You may not have noticed (but only if you’ve been living in a hermetically sealed shipping container). This month is the sixtieth anniversary of what’s politely termed the Roswell incident.
That incident unfolded like this. In July, 1947, New Mexico sheep rancher William Brazel showed up at the Roswell Army Air Field with some unusual debris in the bed of his pickup – weird leavings that he’d found in a pasture near the tiny town of Corona. This initiated a series of events that eventually became a drawn-out pot boiler about a crashed, alien spaceship. The plot line is simple: extraterrestrials came to visit, and accidentally destroyed their craft. The remains were efficiently collected and perfectly hidden by a government paranoid about security. According to the die-hard believers, the feds, even now, aren’t willing to fess up to the fact that aliens were on our front porch.

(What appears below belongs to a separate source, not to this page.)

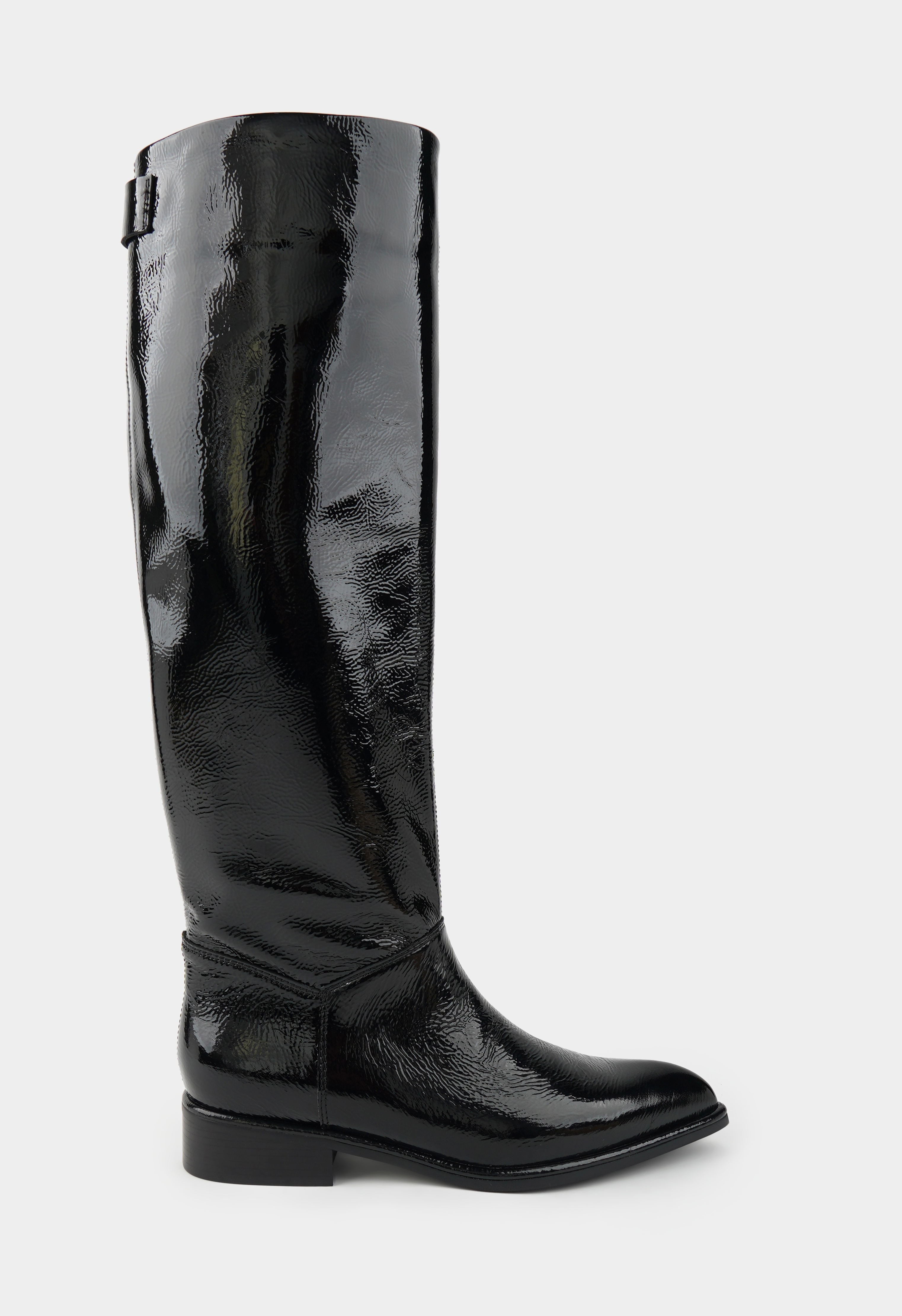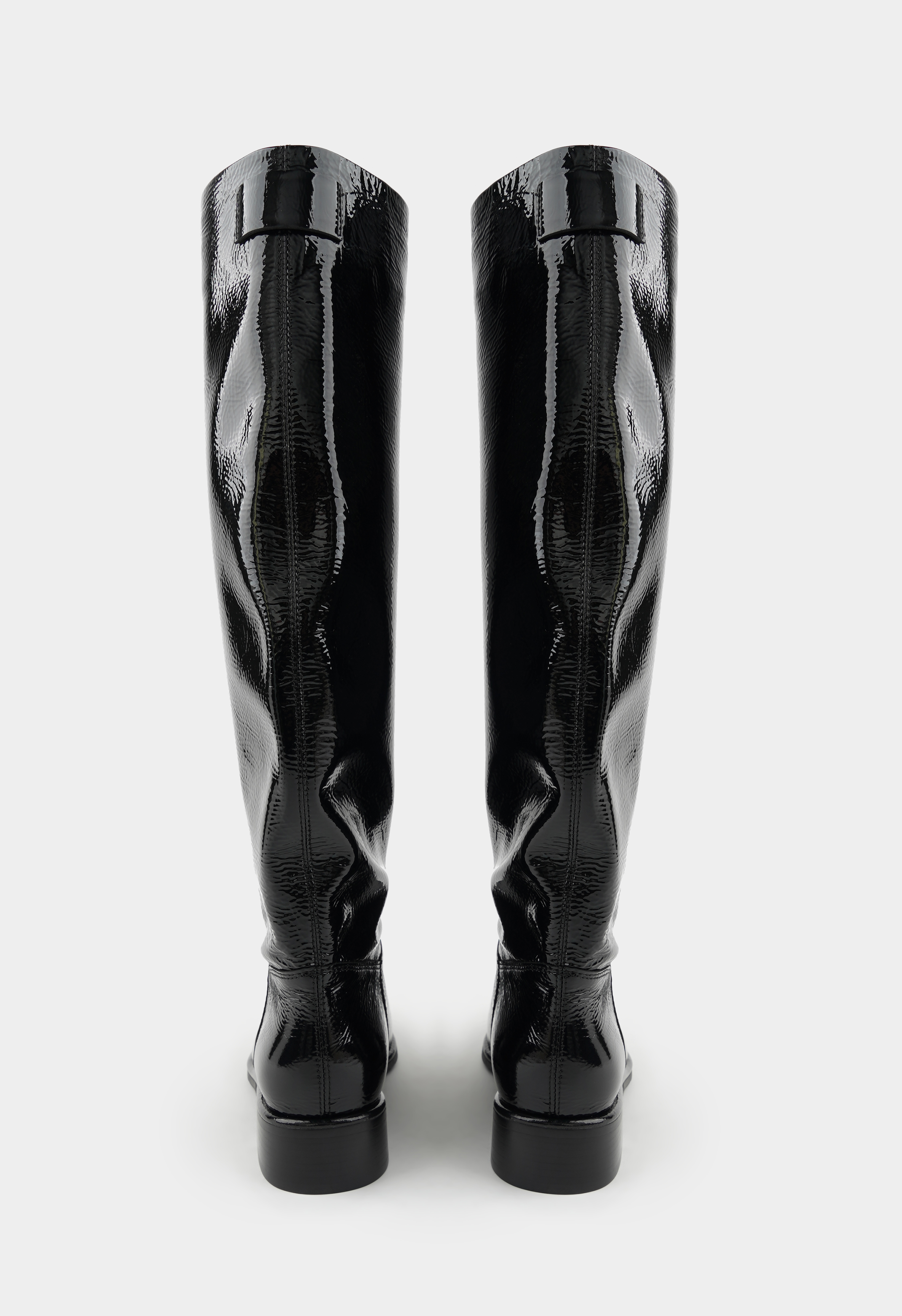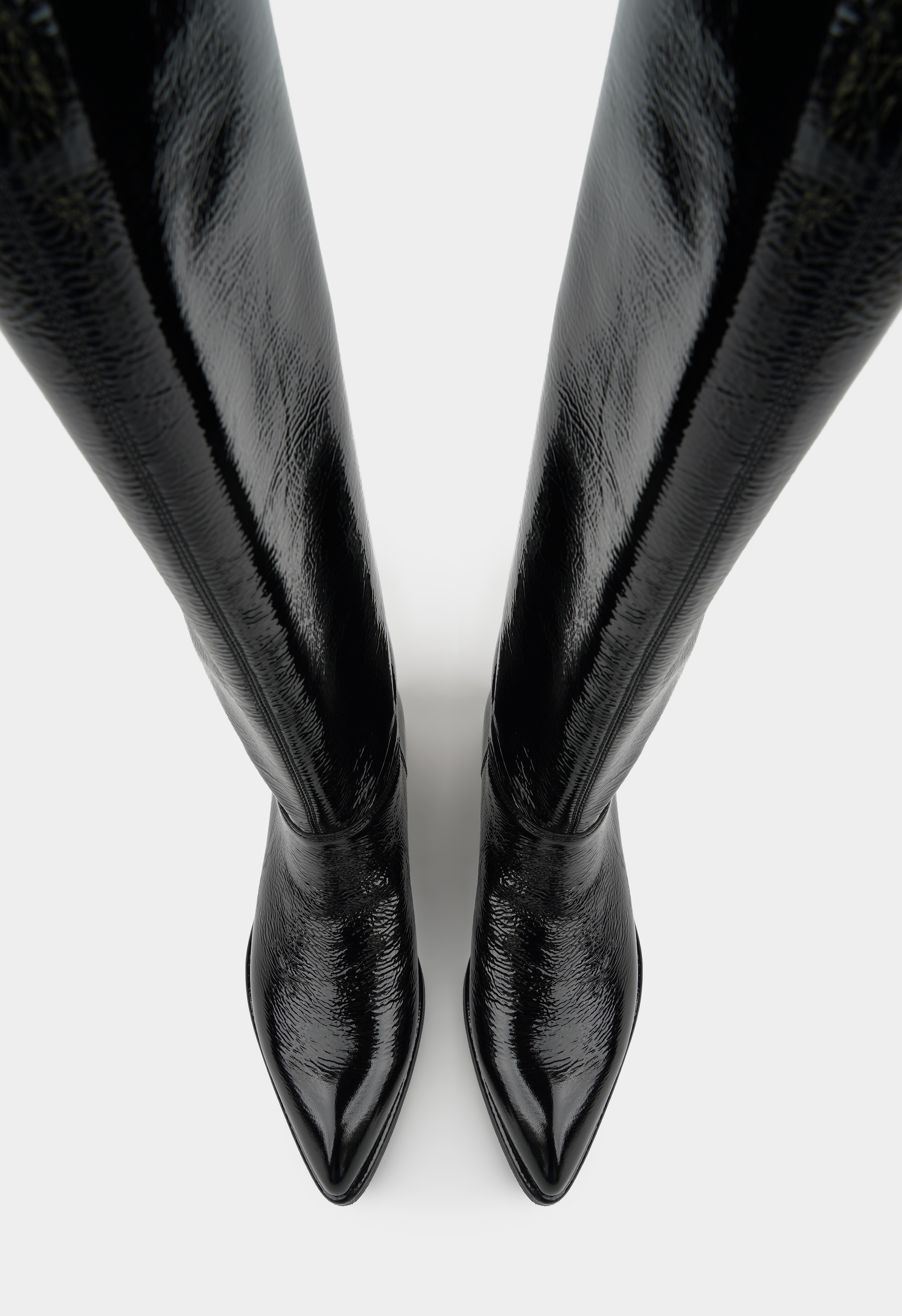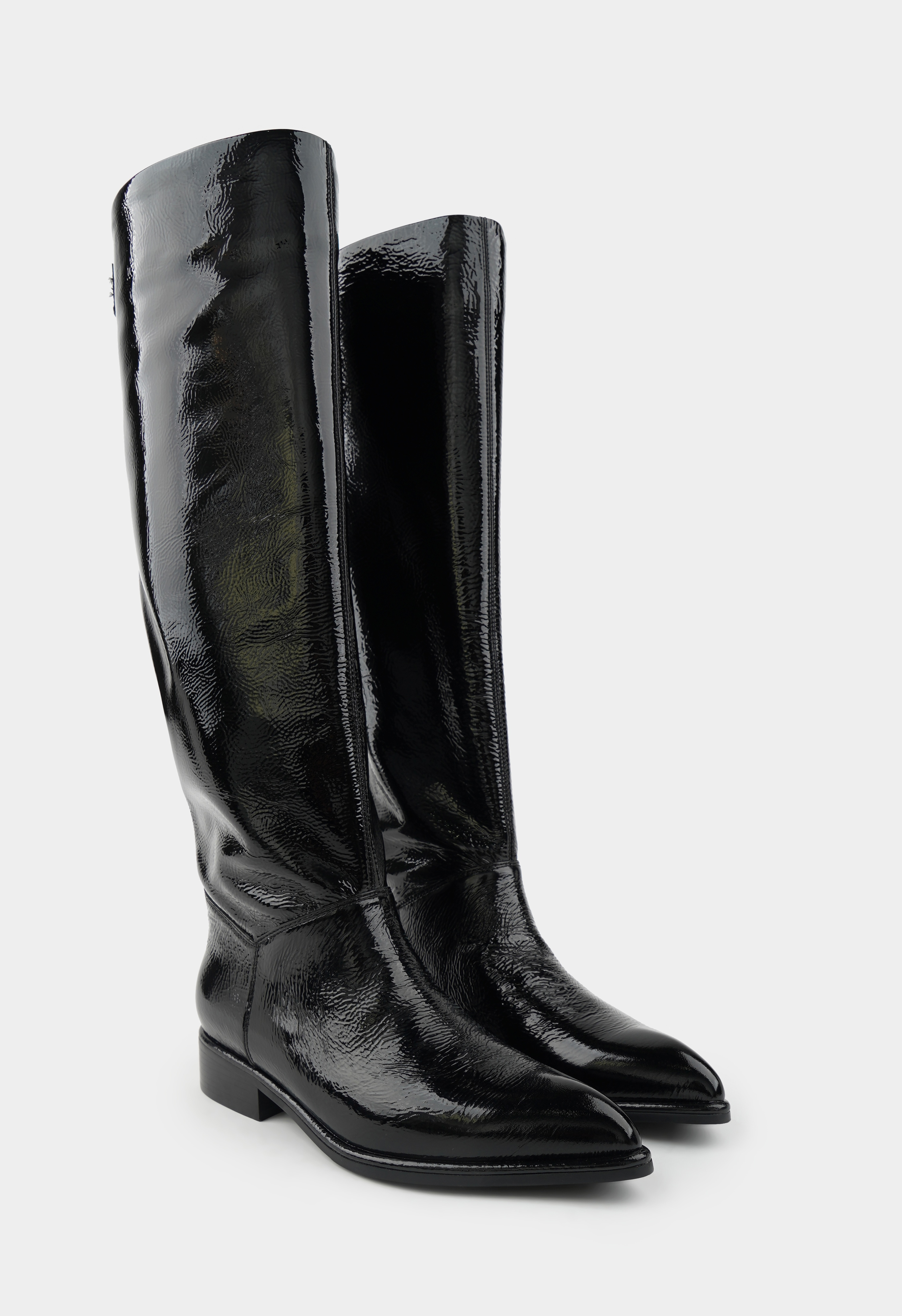 Черные сапоги из натуральной лаковой кожи с подкладкой из байки – это идеальный баланс элегантности и практичности. Заостренный мысок придает образу изящность, а широкий каблук обеспечивает комфорт и стабильность при каждом шаге. Гибкая подошва делает обувь удобной для долгих прогулок. Эта модель легко вписывается в повседневный гардероб и дополнит как классические, так и более смелые образы, подчеркивая актуальность образа.

Now Roswell isn’t the only story about aliens come to Earth, although it’s certainly garnered more press than most. Admittedly, there’s some indication that its popularity, even among the UFO in-crowd, may be oxidizing somewhat. In a recent query to ten experts made by the Fortean Times web site, Roswell was mentioned only once as a “most interesting UFO case.” And that single mention was offered by Stanton Friedman, who, as the greatest proponent of the Roswell story, certainly has a dog in the fight.